*Data*:
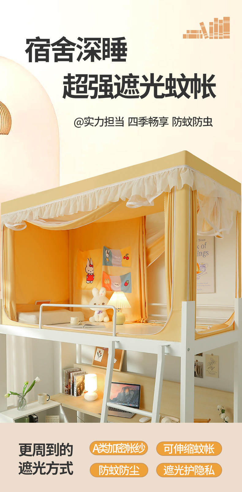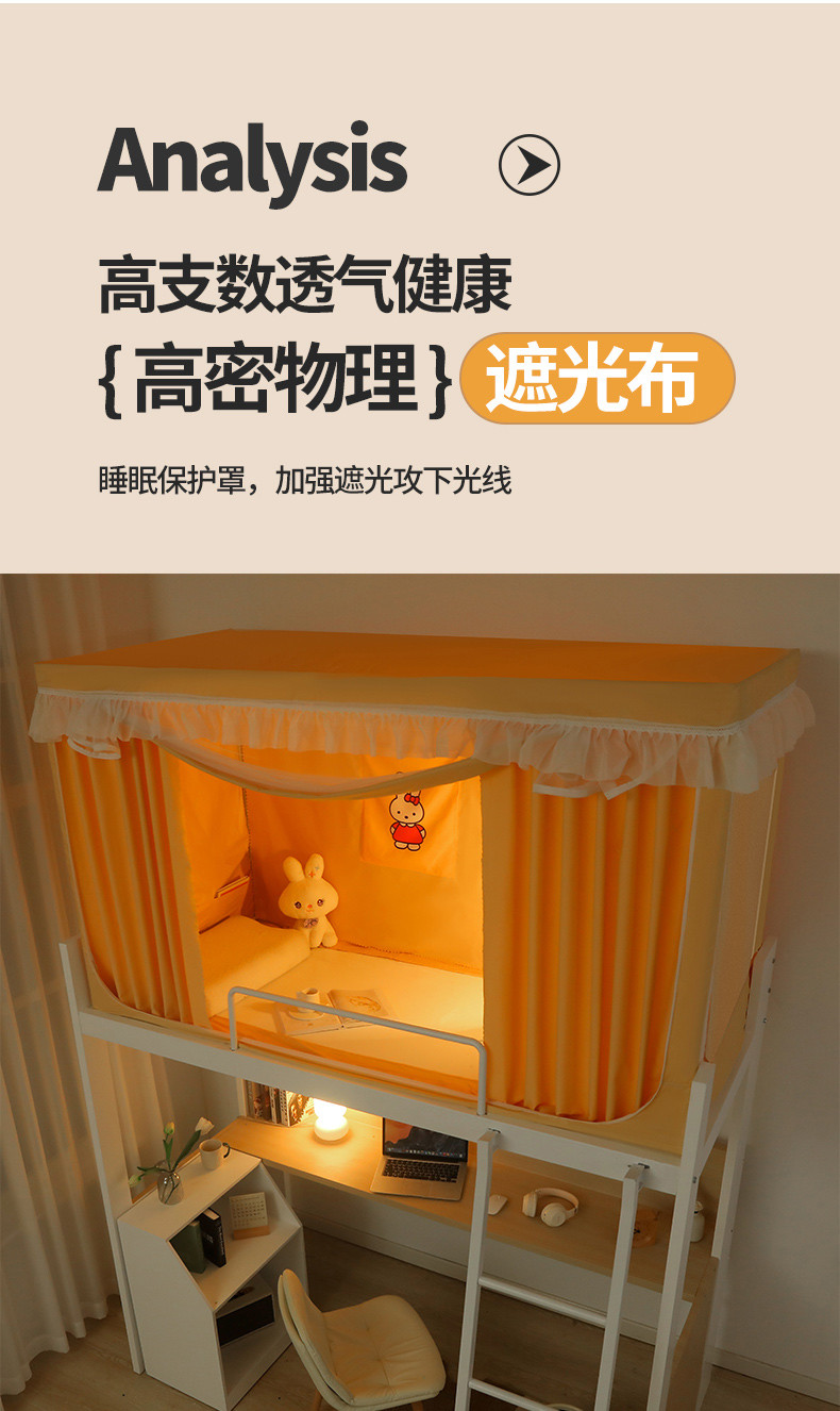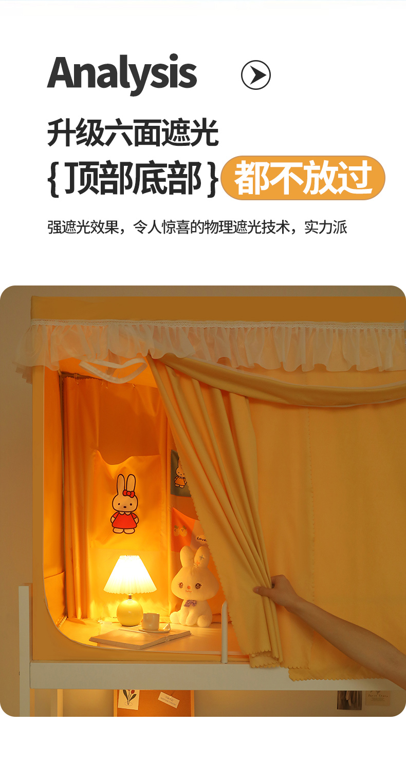 • 91家纺网 家纺一手货源 找家纺 夏彩 88575加强遮光涂层窗帘学生上下铺拉链蚊帐 88557-蜜柚黄
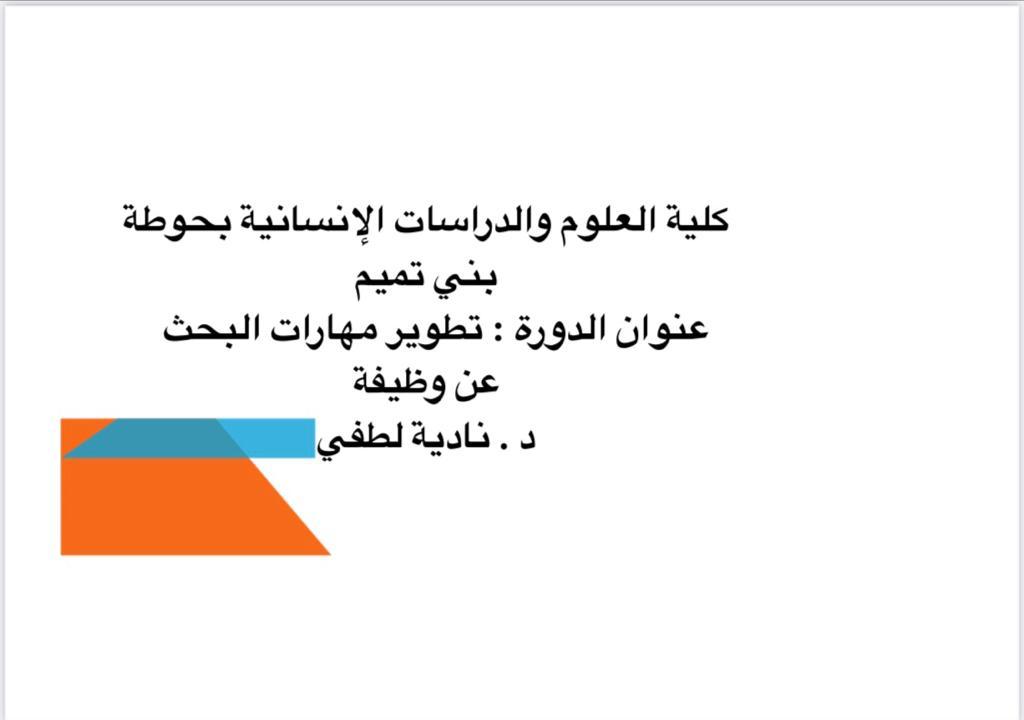 يتطلب البحث عن عمل هذه الأيام مهارات خاصة من أجل الحصول عليه فيجب على الشخص أن يعرف ما الذي يريده، وبناءً على ذلك أقامت لجنة التأهيل الوظيفي بوحدة الخريجات بكلية العلوم والدراسات الإنسانية بحوطة بني تميم تحت رعاية عميدة الكلية د.حصة بنت سعود الهزاني، دورة افتراضية تدريبية بعنوان: "تطوير مهارات البحث عن وظيفة" وذلك في يوم الثلاثاء الموافق: 1442/4/2هـ الساعة الحادية عشر صباحا. عبر برنامج الزووم، قدمتها د.نادية لطفي
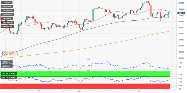 24K99讯 周三(4月19日)亚市盘中,美元指数承压于101.70附近。现货黄金目前持稳,金价位于2005美元/盎司附近;昨日金价大幅上升逾10美元,并一度突破2010美元/盎司关口。FXStreet首席分析师Valeria Bednarik最新撰文,对黄金技术前景进行分析。
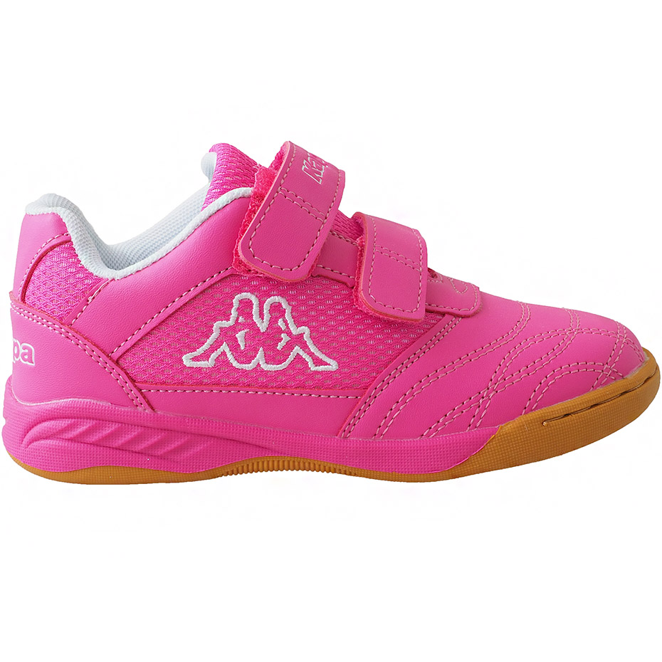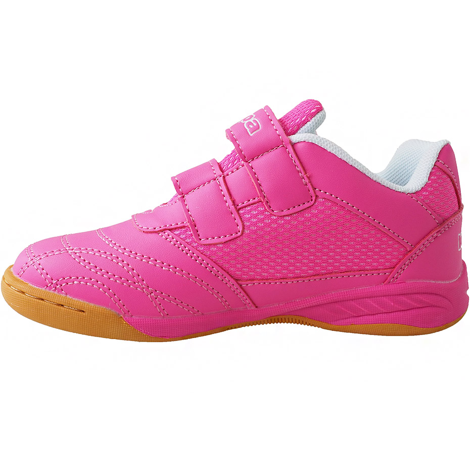 Dziecięce halówki Kappa zaprojektowano dla najmłodszych miłośników halowych sportów. Różowa konstrukcja w połączeniu z białymi detalami tworzy dynamiczną sylwetkę butów sportowych dla dzieci. Syntetyczna cholewka z klasycznymi przeszyciami i siateczkowymi panelami. Zapięcie na dwa paski na rzep. Tekstylna wyściółka. Wyjmowana wkładka. Solidna, gumowa podeszwa.

*Your instructions*:
Copy exactly the lines running from the line with "يتطلب البحث عن" to the final line of the listing, keeping both ends and dropping any picture.

*Answer area*:
 يتطلب البحث عن عمل هذه الأيام مهارات خاصة من أجل الحصول عليه فيجب على الشخص أن يعرف ما الذي يريده، وبناءً على ذلك أقامت لجنة التأهيل الوظيفي بوحدة الخريجات بكلية العلوم والدراسات الإنسانية بحوطة بني تميم تحت رعاية عميدة الكلية د.حصة بنت سعود الهزاني، دورة افتراضية تدريبية بعنوان: "تطوير مهارات البحث عن وظيفة" وذلك في يوم الثلاثاء الموافق: 1442/4/2هـ الساعة الحادية عشر صباحا. عبر برنامج الزووم، قدمتها د.نادية لطفي
 24K99讯 周三(4月19日)亚市盘中,美元指数承压于101.70附近。现货黄金目前持稳,金价位于2005美元/盎司附近;昨日金价大幅上升逾10美元,并一度突破2010美元/盎司关口。FXStreet首席分析师Valeria Bednarik最新撰文,对黄金技术前景进行分析。
 Dziecięce halówki Kappa zaprojektowano dla najmłodszych miłośników halowych sportów. Różowa konstrukcja w połączeniu z białymi detalami tworzy dynamiczną sylwetkę butów sportowych dla dzieci. Syntetyczna cholewka z klasycznymi przeszyciami i siateczkowymi panelami. Zapięcie na dwa paski na rzep. Tekstylna wyściółka. Wyjmowana wkładka. Solidna, gumowa podeszwa.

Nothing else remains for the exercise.